What you have to do: In the records below, find the line with "Step 2: Select" and repeat exactly every line from it through the line with "Kırmızı güller, okakiptus". Pictures stay out.

Available data:
*** Block opens ***
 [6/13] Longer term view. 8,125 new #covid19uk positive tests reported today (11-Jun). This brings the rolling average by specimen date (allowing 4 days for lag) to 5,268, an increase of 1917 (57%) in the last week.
*** Block closes ***
*** Block opens ***
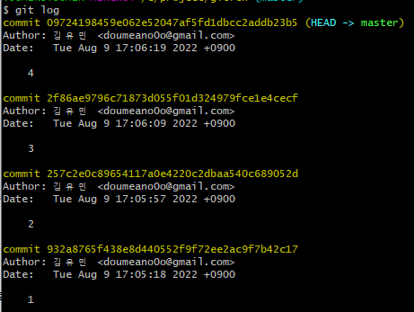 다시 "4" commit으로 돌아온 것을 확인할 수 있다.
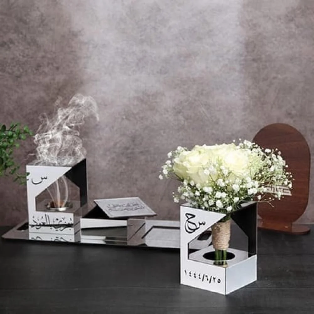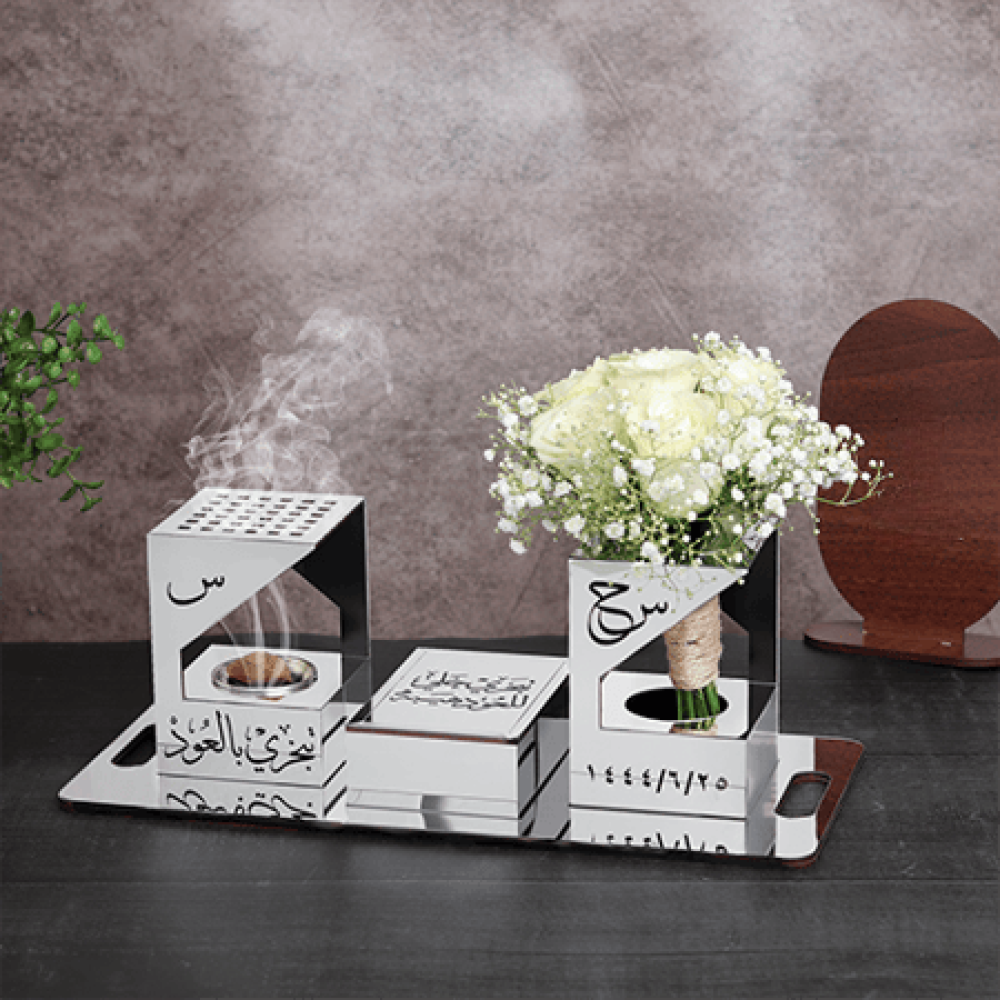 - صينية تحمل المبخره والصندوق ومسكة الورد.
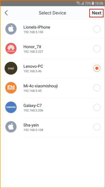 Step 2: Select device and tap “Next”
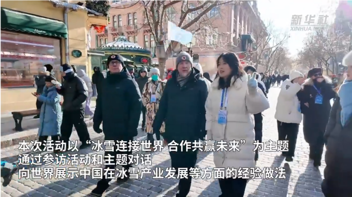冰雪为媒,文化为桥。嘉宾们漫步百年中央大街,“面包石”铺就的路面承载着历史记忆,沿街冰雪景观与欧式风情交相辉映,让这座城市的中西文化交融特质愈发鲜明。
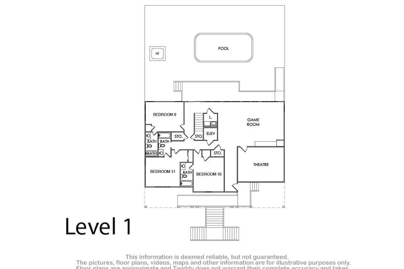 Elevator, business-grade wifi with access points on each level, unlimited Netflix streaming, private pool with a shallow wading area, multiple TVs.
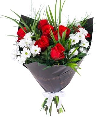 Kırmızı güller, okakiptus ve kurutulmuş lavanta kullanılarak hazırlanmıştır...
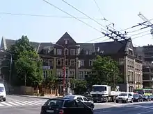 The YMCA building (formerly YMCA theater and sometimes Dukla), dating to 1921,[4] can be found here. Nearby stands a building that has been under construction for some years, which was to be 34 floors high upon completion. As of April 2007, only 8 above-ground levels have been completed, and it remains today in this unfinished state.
*** Block closes ***
*** Block opens ***
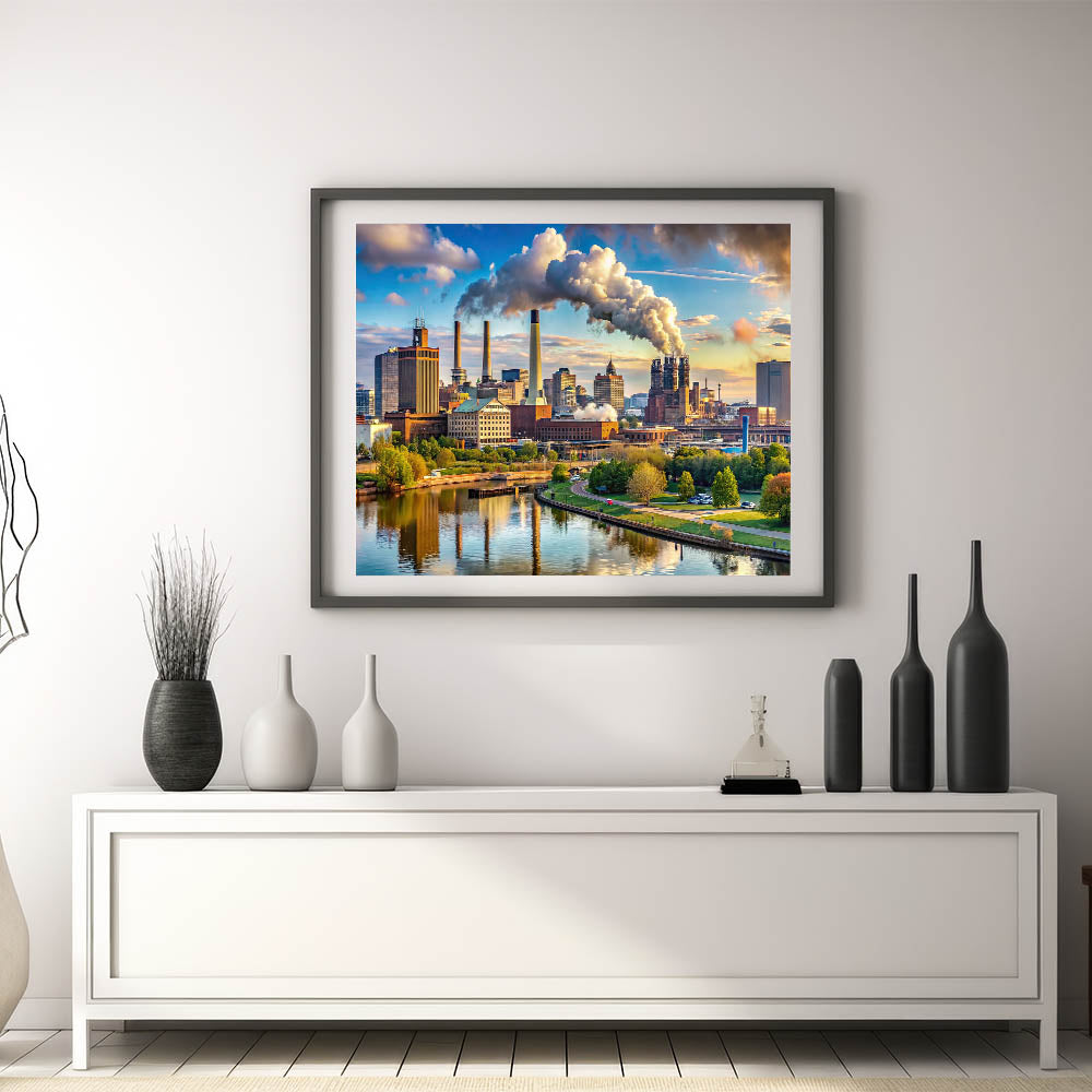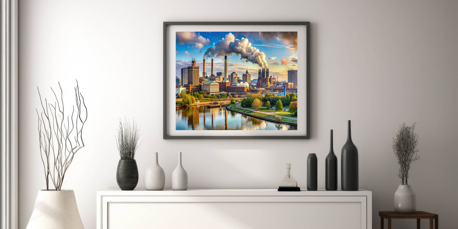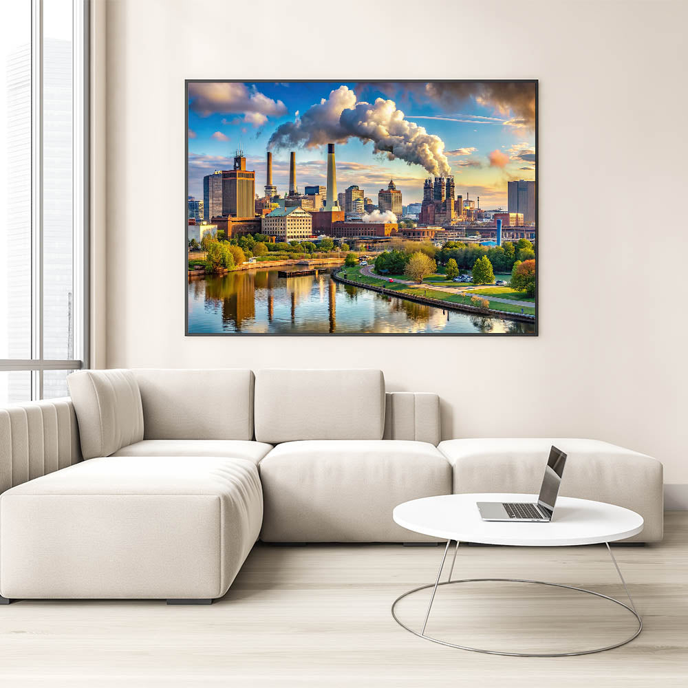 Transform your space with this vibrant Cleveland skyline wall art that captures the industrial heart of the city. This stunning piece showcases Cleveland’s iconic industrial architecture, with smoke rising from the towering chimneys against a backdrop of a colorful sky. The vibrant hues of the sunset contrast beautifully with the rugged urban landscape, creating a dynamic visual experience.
*** Block closes ***
Worked solution:
 Step 2: Select device and tap “Next”
冰雪为媒,文化为桥。嘉宾们漫步百年中央大街,“面包石”铺就的路面承载着历史记忆,沿街冰雪景观与欧式风情交相辉映,让这座城市的中西文化交融特质愈发鲜明。
 Elevator, business-grade wifi with access points on each level, unlimited Netflix streaming, private pool with a shallow wading area, multiple TVs.
 Kırmızı güller, okakiptus ve kurutulmuş lavanta kullanılarak hazırlanmıştır...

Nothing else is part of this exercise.